Home Economy GDP and pensions strike. The taxpayers will pay

GDP and pensions strike. The taxpayers will pay

  GDP and pensions strike.  The taxpayers will pay

The economic blow of the crisis that arose in 2020 with the onset of the “epidemic” and the restrictions imposed by the Italian government is about to reach annuities, especially for those who will leave the world of work starting next year: so it will be the new tests that will be affected and not the ones that already exist

The capitalization rate of the pension contribution portion, closely related to the trend of GDP in an earlier 5-year period, will be assessed. Despite such a long period of time, the jingle Bill In 2020 (9%) to produce a negative rate or 0.0215%. Only a 2015 law, when a similar situation occurs, can ensure that the revaluation of the amount will not remain negative and thus lead to a decrease in the total contributions paid by the worker before it is converted into an annual salary.

However, this does not mean that there will be no serious consequences for pensions, even compared to those who left their jobs this year (with a calculation based on GDP through 2019).

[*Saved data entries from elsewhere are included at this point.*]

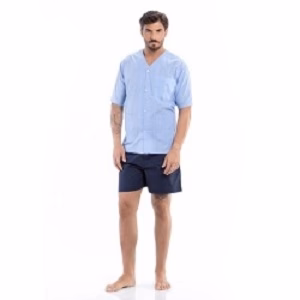 Pigiama aperto mezza manica senza collo pantalone corto, 100% cotone popeline irrestringibile, elastico rivestito di tessuto.
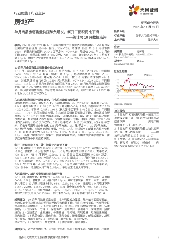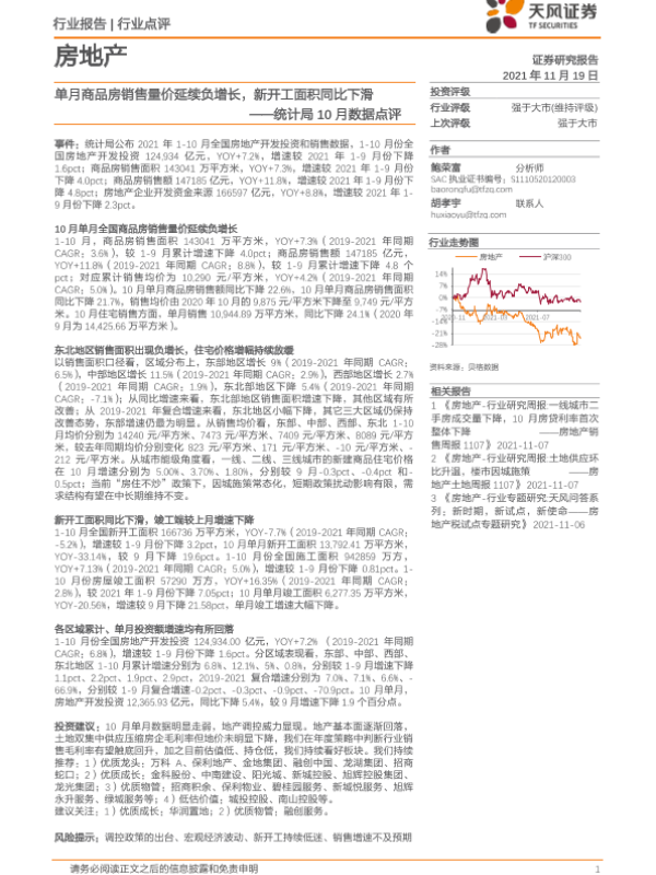 【天风证券】【20211119】单月商品房销售量价延续负增长,新开工面积同比下滑-2页
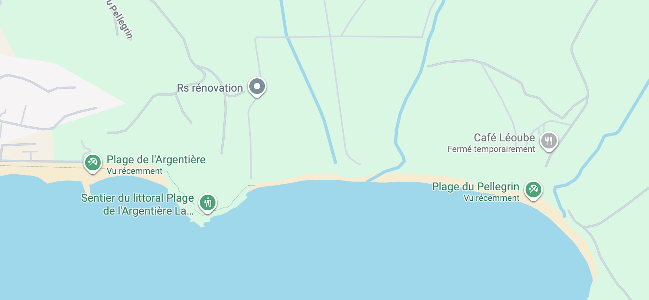 L'accès se fait à pied par la plage de l'Argentière. Les deux plages se touchent mais un chemin escarpé les séparent.

The comparison with the calculations that would have been made in the case of a normal economic situation is unforgiving. When taking such a parallel, the reduction is more containable for those who collect the check with the mixed system (in fact, the contribution affects only the portion due as of 2012). On the other hand, the cut will be heavier for those who are about to retire contributor Pure (the discount on the total is 1%).

A negative impact of this kind will be suffered by those who will leave the world of work starting in 2023: B capitalization rate Just above 0 (and below what would have been recorded in the absence of post-Covid restrictive measures), the reduction in net contributions could approach 2%. The ax is ready to fall on the new pension checks, about 500 thousand by calculations (excluding social checks and inheritors’ allowances, which are calculated differently).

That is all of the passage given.